Aim of the task: Each line below should be retyped exactly, with no pictures.

Data shown:
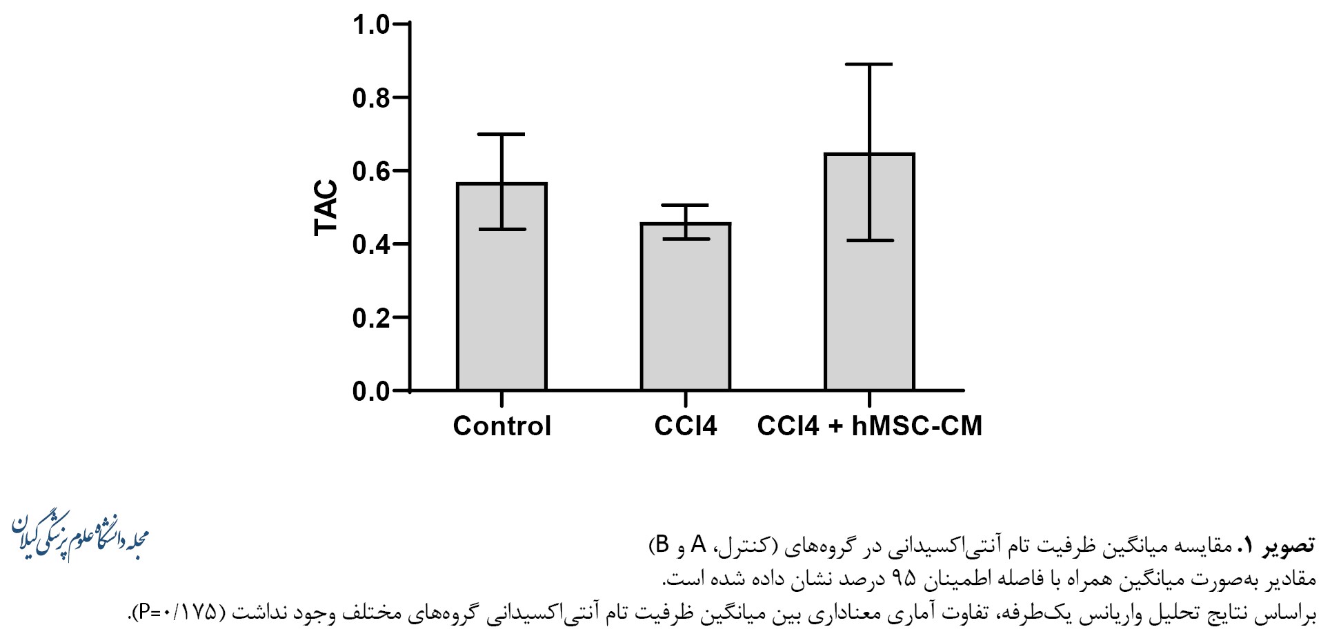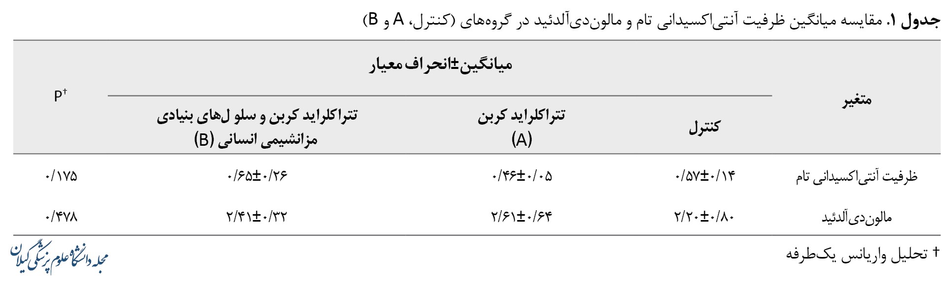 تصویر شماره 1 ارائه شده است، براساس تحلیل واریانس یکطرفه، بین گروههای مطالعهشده ازنظر ظرفیت تام آنتیاکسیدانی تفاوت آماری معناداری وجود نداشت (0/175=P)؛ نتیجه مشابهی برای مالوندیآلدئید نیز یافت شد (0/478=P) (
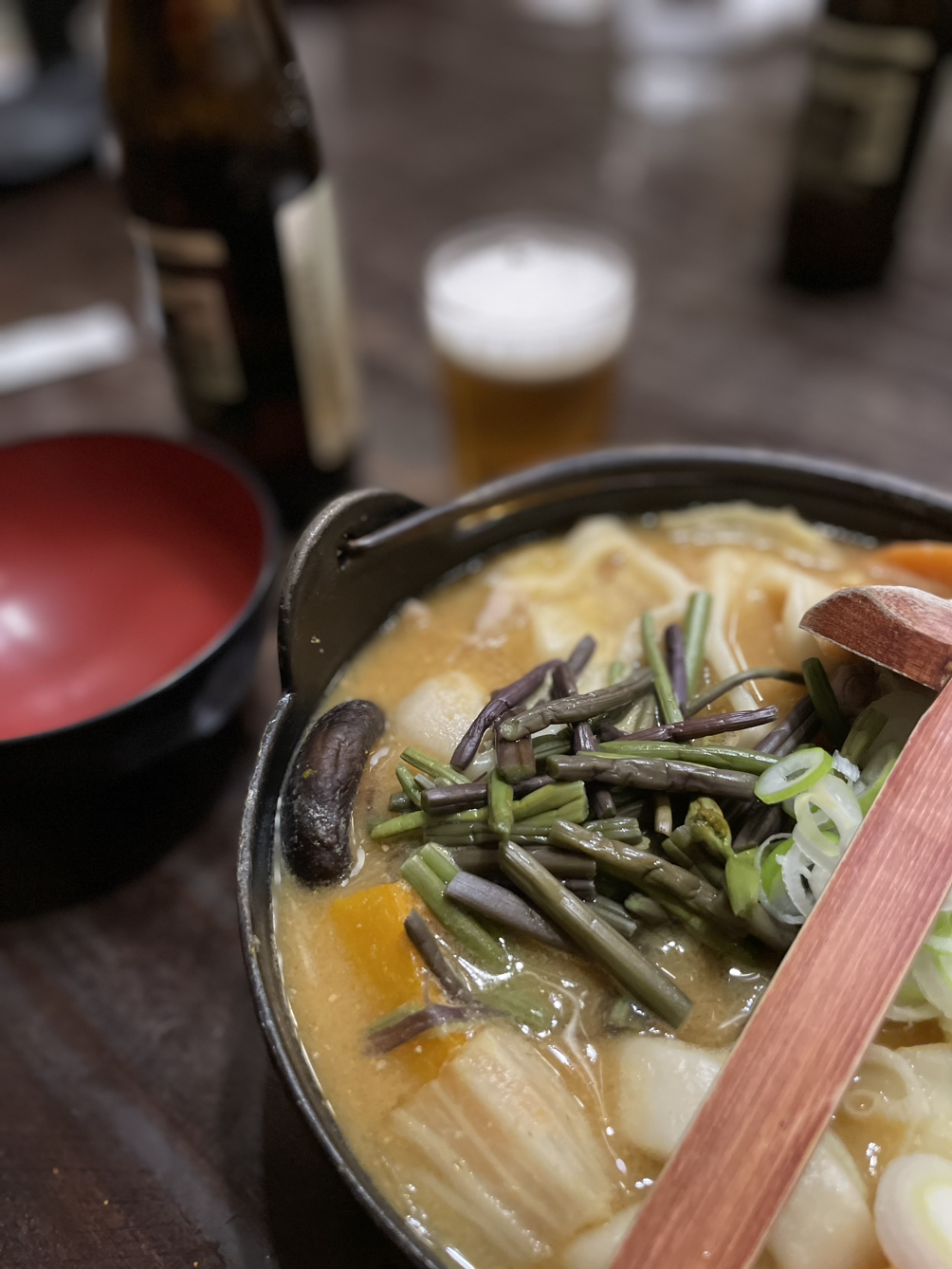 호토의 첫인상은 조금 당황스러웠다. 냄비인지 그릇인지 애매한 용기에 담긴 국물의 비주얼이 예사롭지 않았다. 젓가락을 넣어보면 넓고 길쭉한 면이 나온다. 식감은 수제비와 비슷한 느낌이지만 국물이 굉장했다. 미소 된장 베이스에 갖가지 신선한 채소와 버섯 향이 우러나 입 안에서 풍년이 드는 느낌이었다. 심지어 부드러운 고기와 감자까지 들어있으니 이 얼마나 혜자스러운가.
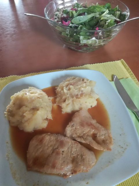 Danes pražen krompir, zrezki v naravni omaki, mešana solata

Response to the exercise:
 تصویر شماره 1 ارائه شده است، براساس تحلیل واریانس یکطرفه، بین گروههای مطالعهشده ازنظر ظرفیت تام آنتیاکسیدانی تفاوت آماری معناداری وجود نداشت (0/175=P)؛ نتیجه مشابهی برای مالوندیآلدئید نیز یافت شد (0/478=P) (
 호토의 첫인상은 조금 당황스러웠다. 냄비인지 그릇인지 애매한 용기에 담긴 국물의 비주얼이 예사롭지 않았다. 젓가락을 넣어보면 넓고 길쭉한 면이 나온다. 식감은 수제비와 비슷한 느낌이지만 국물이 굉장했다. 미소 된장 베이스에 갖가지 신선한 채소와 버섯 향이 우러나 입 안에서 풍년이 드는 느낌이었다. 심지어 부드러운 고기와 감자까지 들어있으니 이 얼마나 혜자스러운가.
 Danes pražen krompir, zrezki v naravni omaki, mešana solata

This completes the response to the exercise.